According to the United States Census Bureau, the city has a total area of 0.27 sqmi, all land.

==Demographics==

Historical population
| Census | Pop. | Note | %± |
| 1900 | 285 |  | — |
| 1910 | 341 |  | 19.6% |
| 1920 | 344 |  | 0.9% |
| 1930 | 336 |  | −2.3% |
| 1940 | 336 |  | 0.0% |
| 1950 | 319 |  | −5.1% |
| 1960 | 282 |  | −11.6% |
| 1970 | 336 |  | 19.1% |
| 1980 | 436 |  | 29.8% |
| 1990 | 409 |  | −6.2% |
| 2000 | 448 |  | 9.5% |
| 2010 | 440 |  | −1.8% |
| 2020 | 439 |  | −0.2% |
U.S. Decennial Census

===2010 census===
As of the census of 2010, there were 440 people, 185 households, and 119 families living in the city. The population density was 1629.6 PD/sqmi. There were 208 housing units at an average density of 770.4 /sqmi. The racial makeup of the city was 99.5% White, 0.2% African American, and 0.2% from two or more races.

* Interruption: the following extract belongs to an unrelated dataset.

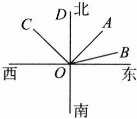 14. 如图,射线 $ OA $ 表示的方向是北偏东 $ 44^{\circ} $,射线 $ OB $ 表示的方向是北偏东 $ 76^{\circ} $,已知 $ \angle BOC = 122^{\circ} $。
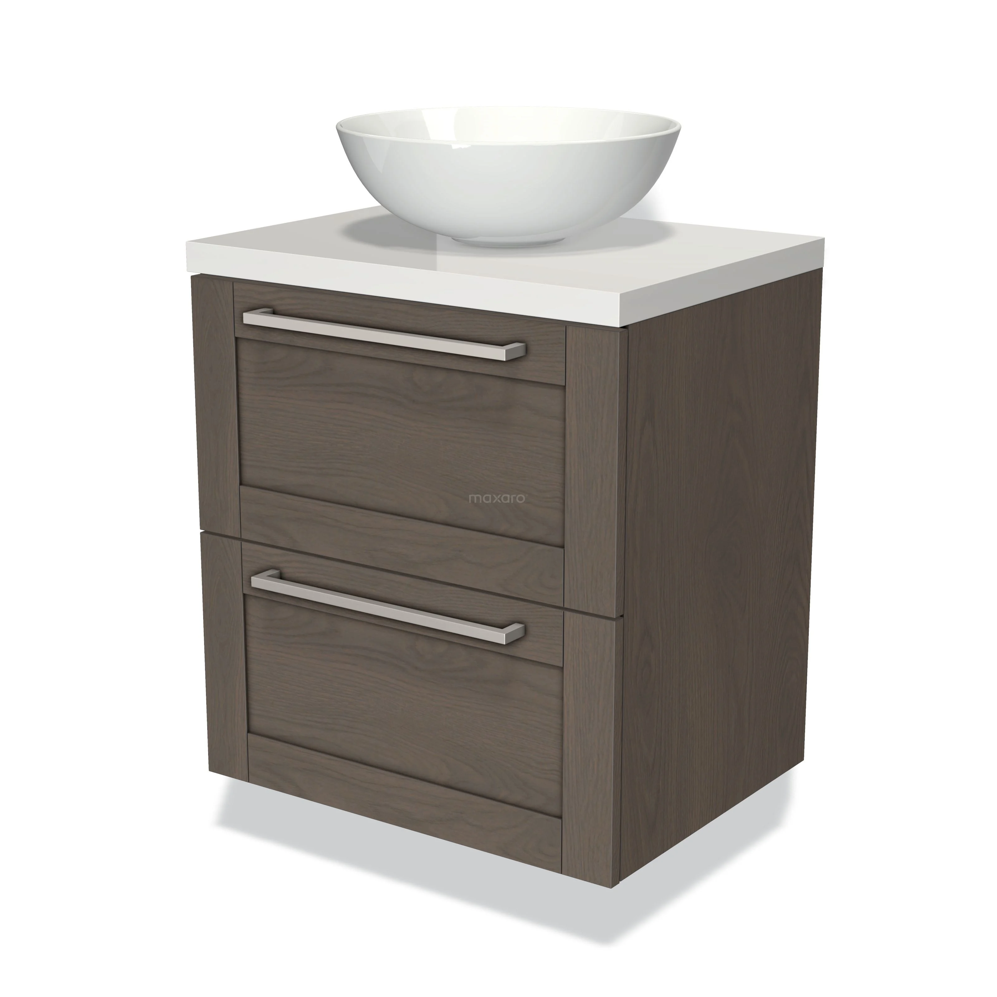 Badmöbel für Waschtischunterschrank mit Konsole 60cm Modulo Plato dunkelbraune Eiche 2 Schubladen Rahmen Hochglanz Weiß Platte

Hispanic or Latino of any race were 0.2% of the population.

There were 185 households, of which 30.8% had children under the age of 18 living with them, 50.8% were married couples living together, 10.8% had a female householder with no husband present, 2.7% had a male householder with no wife present, and 35.7% were non-families. 30.3% of all households were made up of individuals, and 14% had someone living alone who was 65 years of age or older. The average household size was 2.38 and the average family size was 2.97.

The median age in the city was 36.7 years. 26.1% of residents were under the age of 18; 7.1% were between the ages of 18 and 24; 24.6% were from 25 to 44; 27.8% were from 45 to 64; and 14.5% were 65 years of age or older. The gender makeup of the city was 47.5% male and 52.5% female.

===2000 census===
As of the census of 2000, there were 448 people, 196 households, and 118 families living in the town. The population density was 1,660.1 PD/sqmi. There were 209 housing units at an average density of 774.5 /sqmi. The racial makeup of the town was 98.66% White, 0.22% Native American, 0.22% Asian, and 0.89% from two or more races.

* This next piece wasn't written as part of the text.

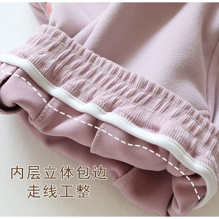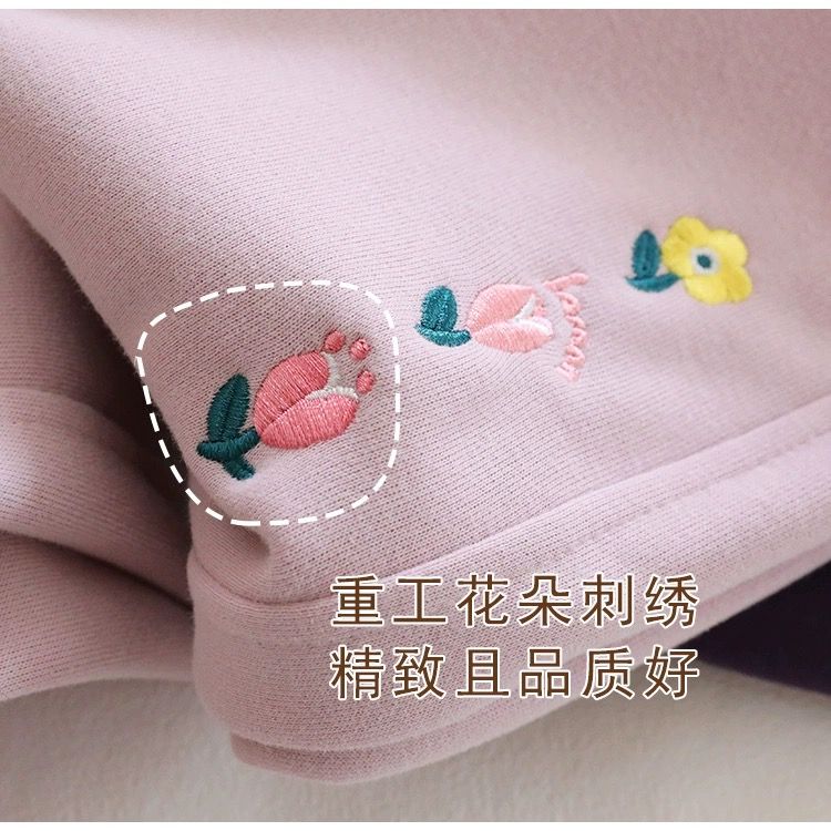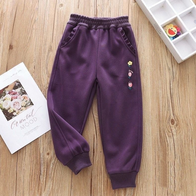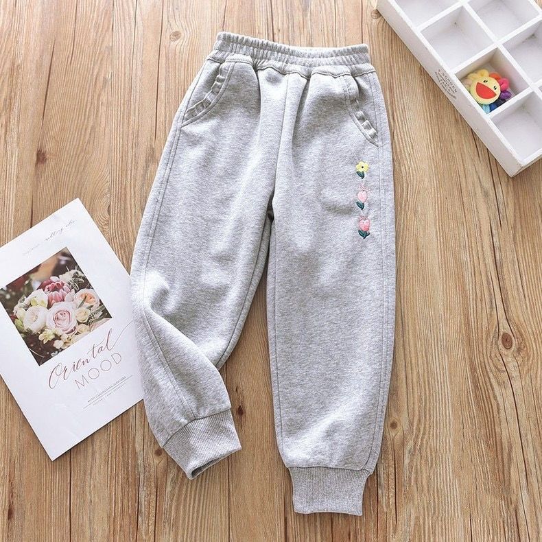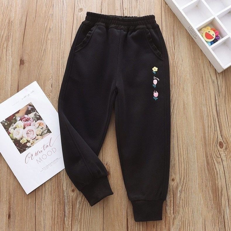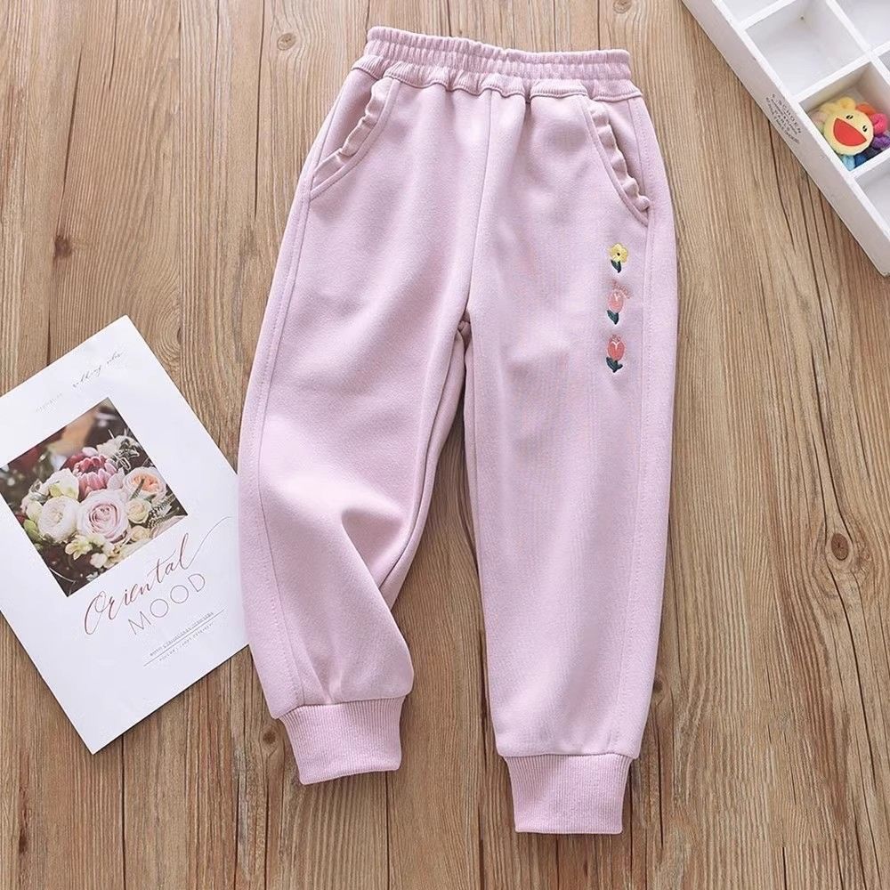 Trendy Girls' Casual Pants for Autumn and Winter, Simple Embroidered Sweatpants for Children, Versatile Pure Cotton Fleece-Lined Joggers for Girls and Toddlers

There were 196 households, out of which 29.6% had children under the age of 18 living with them, 50.0% were married couples living together, 6.6% had a female householder with no husband present, and 39.3% were non-families. 33.2% of all households were made up of individuals, and 17.9% had someone living alone who was 65 years of age or older. The average household size was 2.29 and the average family size was 2.93.

In the town the population was spread out, with 23.9% under the age of 18, 12.3% from 18 to 24, 25.4% from 25 to 44, 20.3% from 45 to 64, and 18.1% who were 65 years of age or older. The median age was 36 years. For every 100 females there were 93.1 males. For every 100 females age 18 and over, there were 89.4 males.

The median income for a household in the town was $31,250, and the median income for a family was $39,750. Males had a median income of $27,120 versus $18,750 for females. The per capita income for the town was $16,136. About 5.6% of families and 8.9% of the population were below the poverty line, including 8.0% of those under age 18 and 14.7% of those age 65 or over.